Improving the accuracy of probability distributions of the reaction coordinate at selected regions of the reaction path by performing local sampling with B3LYP/MM potential for the benchmark system. The upper plot shows local regions of the free-energy surface computed from the targeted sampling: green and magenta triangles show free-energy penalties of incrementally moving along the reaction coordinate relative to the first (leftmost) bias at each region. They are generated with multistep linear response approximation (M-LRA) and with WHAM, respectively. Red and blue lines are the local PMF computed using the weight-averaged umbrella sampling approach (red) and WHAM (blue), respectively.

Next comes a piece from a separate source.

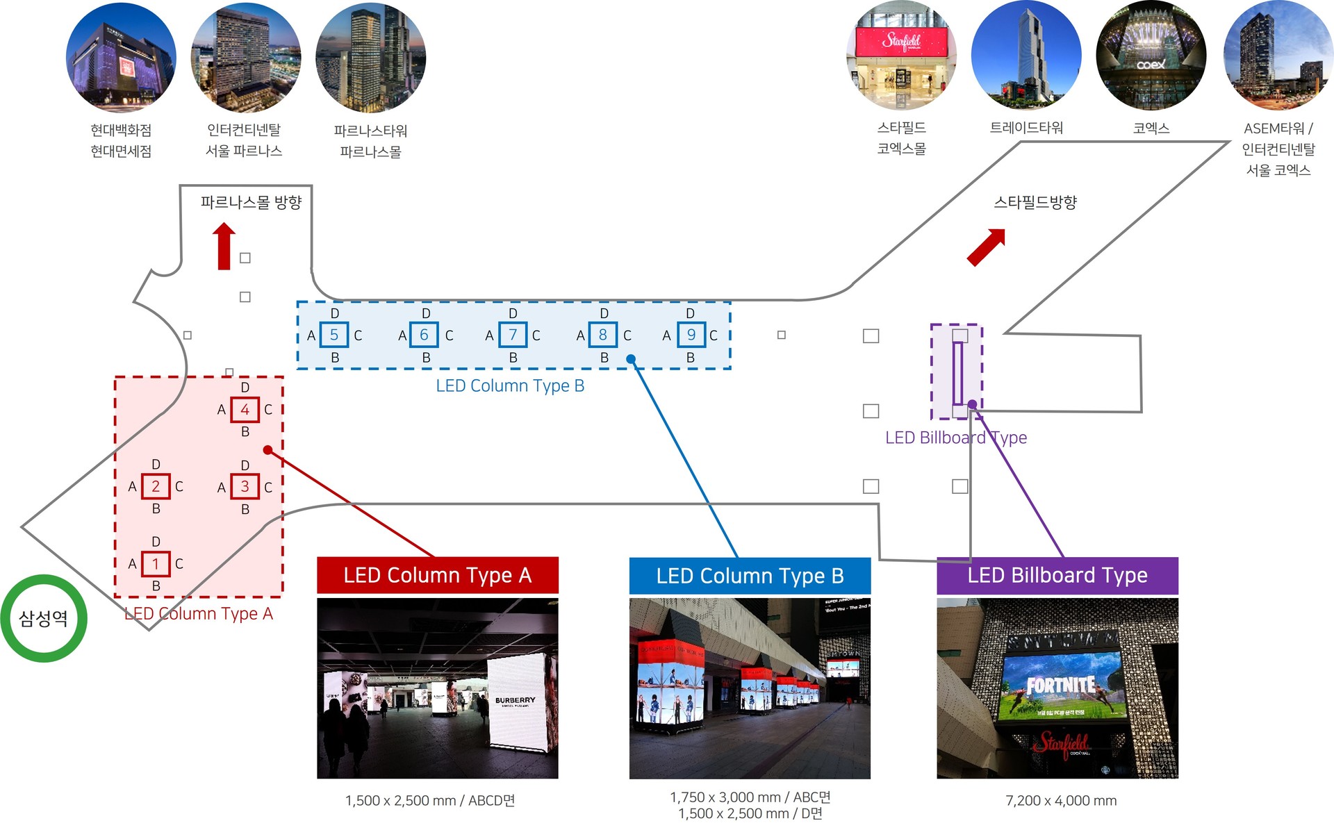 9개의 사각 기둥과 대형 LED 보드로 구성되어 있어요. 삼성역에서 코엑스로 이동하는 동선에 맞춰서 디지털보드가 배치되어 있기 때문에 메시지 전달력이 뛰어납니다. 9개의 사각 기둥의 각 면마다 영상이 송출되어서 멋진 효과를 연출할 수 있습니다.

The lower plot shows biased distributions of the reaction coordinate for the data points used in calculations.

Figure 7

Improving accuracy of the free-energy shifts associated with changing the center of bias ξ_m⁰ while moving along the reaction coordinate. All changes are computed relative to the leftmost (first) bias. Red stars correspond to free energies computed from sampling with biased PM6/MM reference potential (R) using a multistep free-energy perturbation. The cyan circles represent the exact searched solution and correspond to free energies computed from sampling with a biased B3LYP/MM target potential (T) using a multistep free-energy perturbation. Green stars correspond to the PM6/MM free-energy shifts to which the linear expansion of the free-energy perturbation to B3LYP/MM potential is added (at corresponding biases). This perturbation is computed as PM6 ensemble average of the energy gap between B3LYP and PM6, ΔE. These shifts are used in constructing the low-accuracy B3LYP free-energy surface. After performing a limited fine-physics sampling with B3LYP target potential (T), a more-accuracte estimate for these shifts is computed (purple ▲) using two-step linear response approximation. These estimates are used for positioning the local PMF regions (see the main text). Next, the estimates are improved further with a three-step perturbation (blue ▲), which involves computing the average energy gap with intermediate potentials M = 0.5R + 0.5T.

Figure 8

Increasing accuracy of the B3LYP activation free-energy barrier computed by positioning the local PMF regions from the targeted sampling and its comparison to the full PMF. Full B3LYP/MM PMF (dashed gray line) is computed from 64 molecular dynamics B3LYP trajectories. Black line is a low-accuracy PMF computed from 64 PM6 trajectories using the averaged energy gap with the B3LYP potential. It is used to identify regions for targeted sampling with B3LYP. Local B3LYP PMFs are computed from this targeted sampling, which includes 5 trajectories at reactants, 5 trajectories at the transition state, and 3 trajectories at products (blue line), but the relative positions of these regions is not known. They are found by computing the free-energy perturbations of switching from PM6 reference potential (R) to B3LYP target potential (T), shown by black arrows. The local PMF regions, positioned using a two-step linear response approximation, are shown in red. Three-step free-energy perturbation slightly further improves the positioning, and the activation free-energy estimate (shown in green). The three-step estimate involves additional targeted sampling at the same regions with 0.5R + 0.5T potential.